Satinwood for the woodwork. It was Mrs P 's idea years ago. I was an old fashioned gloss man myself. But Mrs P prefers satinwood,and now i think it is great. Easy to apply great coverage,and does not smell as much.Anyway a day off today,apart from cleaning splashes off the wardrobe fronts,yes i did not cover them up. Tomorrow they will be covered,also a second coat of satinwood..Should be finished Monday afternoon as long as it's a good bright day. This final coat has got to go right.


----------



## roadrash (3 May 2020)

I will have to try this water based gloss , never used it


----------



## Levo-Lon (3 May 2020)

roadrash said:


> I will have to try this water based gloss , never used it




It's far easier,still horrible job,dries quickly no odour


----------



## Adam4868 (3 May 2020)

roadrash said:


> I will have to try this water based gloss , never used it


I'm so exited for you....


----------



## smokeysmoo (3 May 2020)

I hate glossing too, and used alternatives last time we decorated to avoid the dreading oil based gloss, but I found it's just not lasted the same, so this time I've gone back to traditional oil based gloss, (Leyland Trade Non-Drip), LINKY, and while it is still a $hitty job to do, I'm very impressed with the results, and the odour is virtually non-existent too.
As for rollers, with the panel doors I've been brushing the recessed areas then rollering the flat surfaces, and I'm very happy with the result. I've always used foam rollers for this, but I've found them to create bubbling of late, and when I needed some more last week Screwfix had none.
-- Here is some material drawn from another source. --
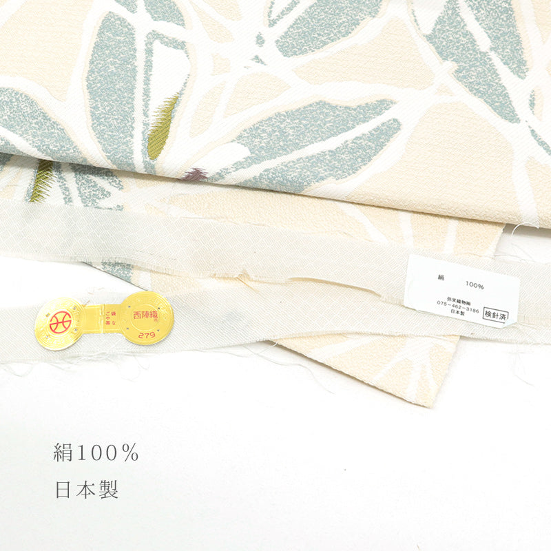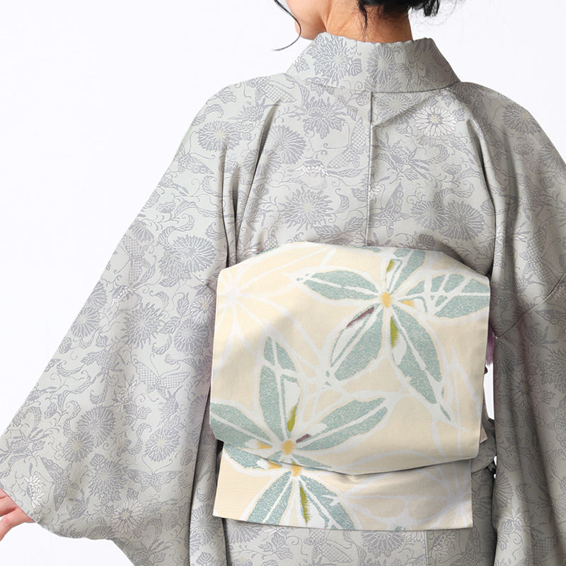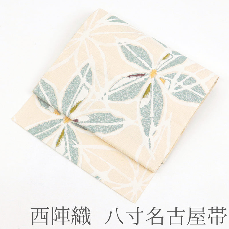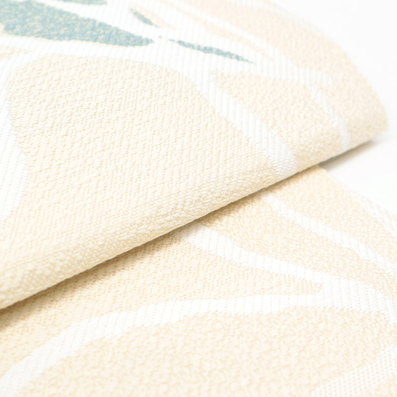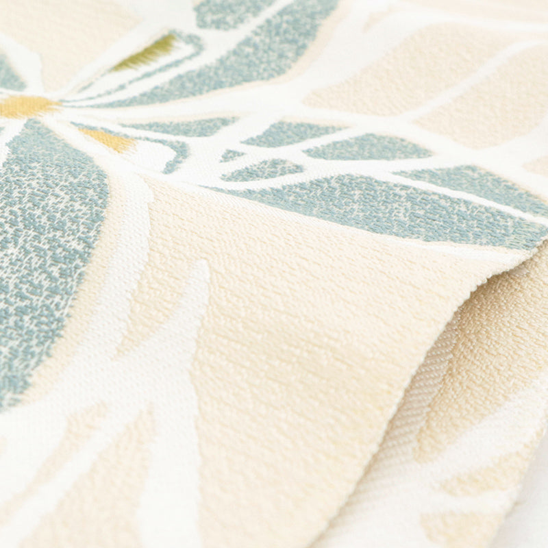 淡いベージュ地に、大きくのびやかに咲く花が描かれた名古屋帯です。柔らかな青緑と白のコントラストが爽やかで、落ち着きのある印象を添えています。

The only ones they had were THESE Harris ones, a bit more money but my God they are brilliant, so I'll be sticking to these from now on 

I'm doing all this decorating, (done the dining room, kitchen ceiling, vestibule, porch, stairs & landing, bathroom upto now!), and I wouldn't mind but we intend to move when we can  Still it should help us shift the house I suppose, and lets be honest, I've feck all else to do right now, so without Mrs Smoo cracking the whip I'd probably be doing this by now


----------



## biggs682 (3 May 2020)

We always find that spending more on decorating materials does normally give better results 

ie a few years ago we painted ceiling in two rooms both bubbled up quite badly with a couple of months so re did with better quality paint after removing the recently applied stuff and hey presto no bubbling and still looks good .
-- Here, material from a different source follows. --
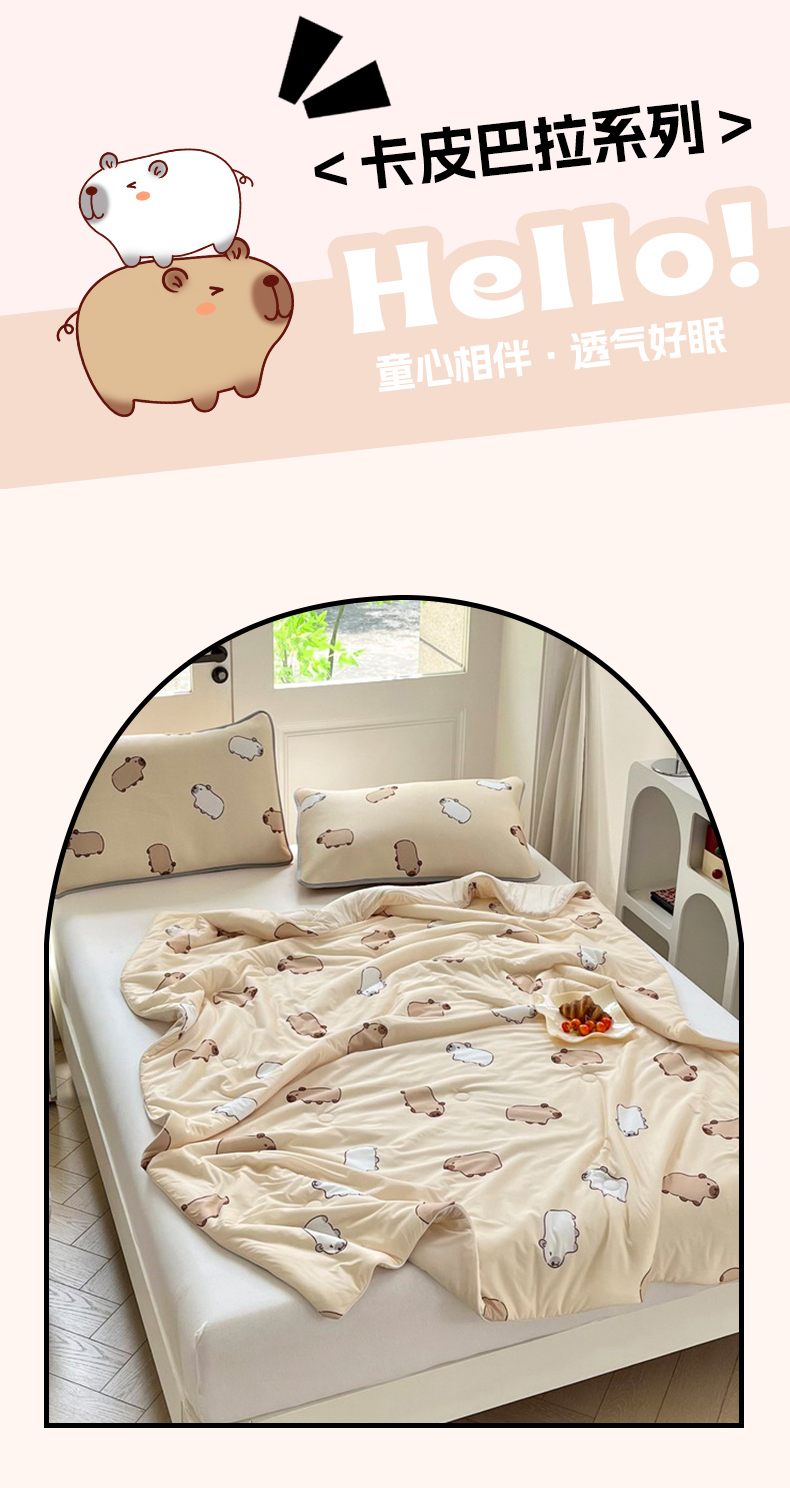 (总)蘭菲家纺 2025新款凉感丝卡皮巴拉夏被,爱滑板,爱皮卡,沉浸式,大美豚,拉不动,拉小鸭,陪伴拉,皮小蛋,皮小萌,豚世界,豚一家,小卡,小奶豚,熊巴拉,征服拉

on a side note i hate decorating full stop


----------



## screenman (3 May 2020)

I find the WB paint lasts well, stays white a lot longer and is easy and quick to apply, not forgetting if your car was made in the last 10 years it will have water based paint on it.


----------



## neil_merseyside (3 May 2020)

screenman said:


> I find the WB paint lasts well, stays white a lot longer and is easy and quick to apply, not forgetting if your car was made in the last 10 years it will have water based paint on it.


The final clearcoats are rubbish too, they mar too easily.


----------



## screenman (3 May 2020)

neil_merseyside said:


> The final clearcoats are rubbish too, they mar too easily.
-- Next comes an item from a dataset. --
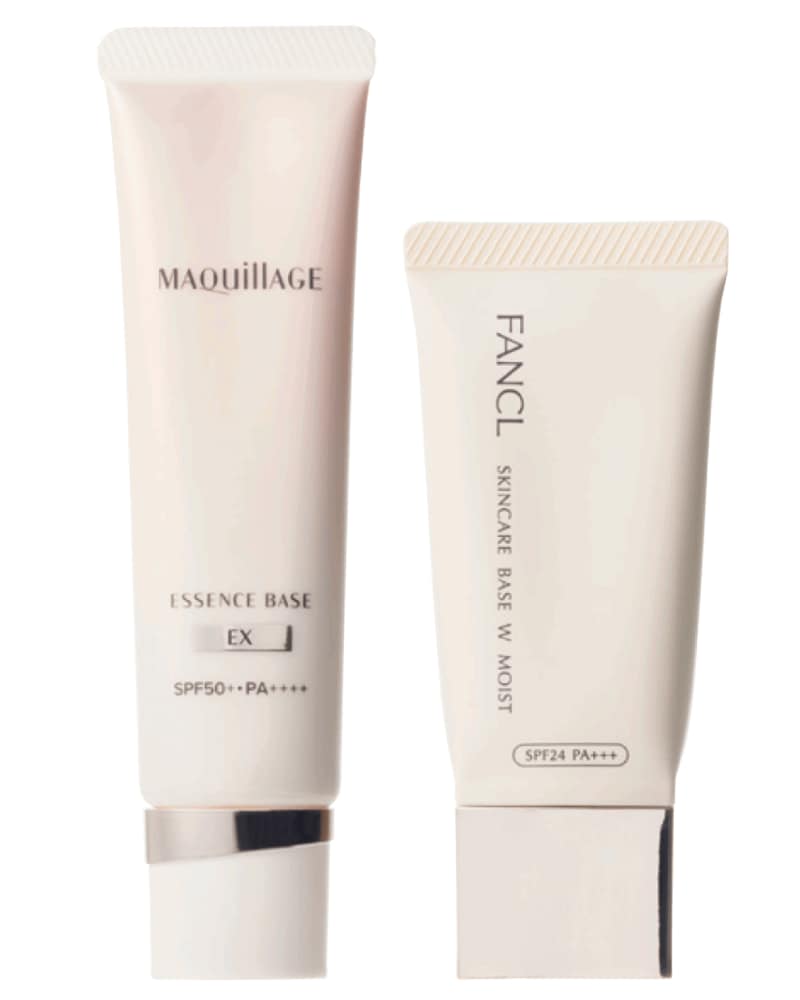 (右)うるおい成分が乾燥によるメイク崩れを防ぐ。スキンケアベース Wモイスト〈ベージュ〉SPF24・PA+++ ¥2,200/ファンケル

The laquer is not water based and compared with cellulose surprisingly hard and very flexible, if it was not I would not be able to do my work, which is pdr.


----------



## NorthernDave (3 May 2020)

screenman said:


> I find the WB paint lasts well, stays white a lot longer and is easy and quick to apply, not forgetting *if your car was made in the last 10 years* it will have water based paint on it.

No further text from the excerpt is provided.